As mentioned previously, there are two types of it. In the case of copper oxide I, it can be used as a type of pigment with which red, gray, black, and green enamels can be made. It is also one of the main components in the production of hydroxide cuprammonium which is used to manufacture rayon.

It is also used in the field of science as a type of nutritional supplement for animals that are copper deficient. It is a powerful fungicide and is a good semiconductor.

In the field of agriculture can be used for foliage as a moisturizer. In addition, it is part of the ingredients that are used in the creation of agricultural pesticides.

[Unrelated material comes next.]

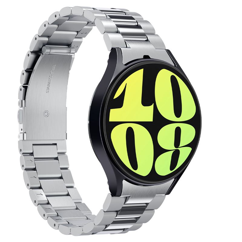 Klasický článkový pásek ve stříbrném odstínu přináší sofistikovaný vzhled pro hodinky Samsung Galaxy Watch7 ve variantách 44 mm i 40 mm. Použitá nerezová ocel 316L vyniká tvrdostí a stálostí barev, což zaručuje zachování luxusního vzhledu i po dlouhodobém nošení.
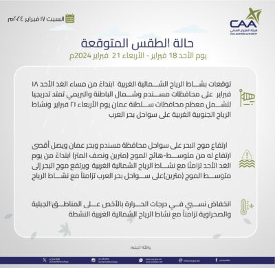 توقعات بنشاط الرياح الشمالية الغربية ابتداءً من مساء الغد الأحد ١٨ فبراير على محافظات مسندم وشمال الباطنة والبريمي تمتد تدريجيا لتشمل معظم محافظات سلطنة عمان يوم الأربعاء ٢١ فبراير ونشاط الرياح الجنوبية الغربية على سواحل بحر العرب

The copper oxide type II is mainly used for the alloy copper, to produce glazes, and as a means for removing different types of hazardous materials such as cyanide. In the field of agriculture, it is also used as a type of fungicide.

It is a basic component in the manufacture of crystals and ceramics. It has also been used as a cathode in the manufacture of wet cells.

Interesting use of copper oxide occurs in ships as it is used as a type of antifouling agent to prevent the possible formation of barnacles and other types of marine organisms that can cling to the bottom of ships and cause problems. serious in their structure. It is also used as a preservative for wood, roofs, tiles, and walls found on the seashore or cliffs.


Copper oxides tend to be dangerous and potentially toxic, especially in the case of copper II oxide, which can even cause serious problems in the central nervous system and in the endocrine system.

They are very irritating to the mucous membranes such as the eyes and nose and can also cause serious damage to the epithelial tissue.

If ingested, it can produce significant depression in the nerves, cause serious gastrointestinal problems, damage to the liver, kidneys, and vascular system. and even the circulatory system.

When inhaled, the lungs are severely damaged and can lead to a medical condition known as ” metal fume fever ” which produces a series of flu-like symptoms.

Dermatitis is another common problem that occurs when people are exposed to this type of oxide. When exposure is prolonged and continuous, the appearance of Wilson’s disease can be generated.

For these reasons, the use and handling of this oxide must be done under strict security measures, in environments that are not completely closed and, on the contrary, have good ventilation.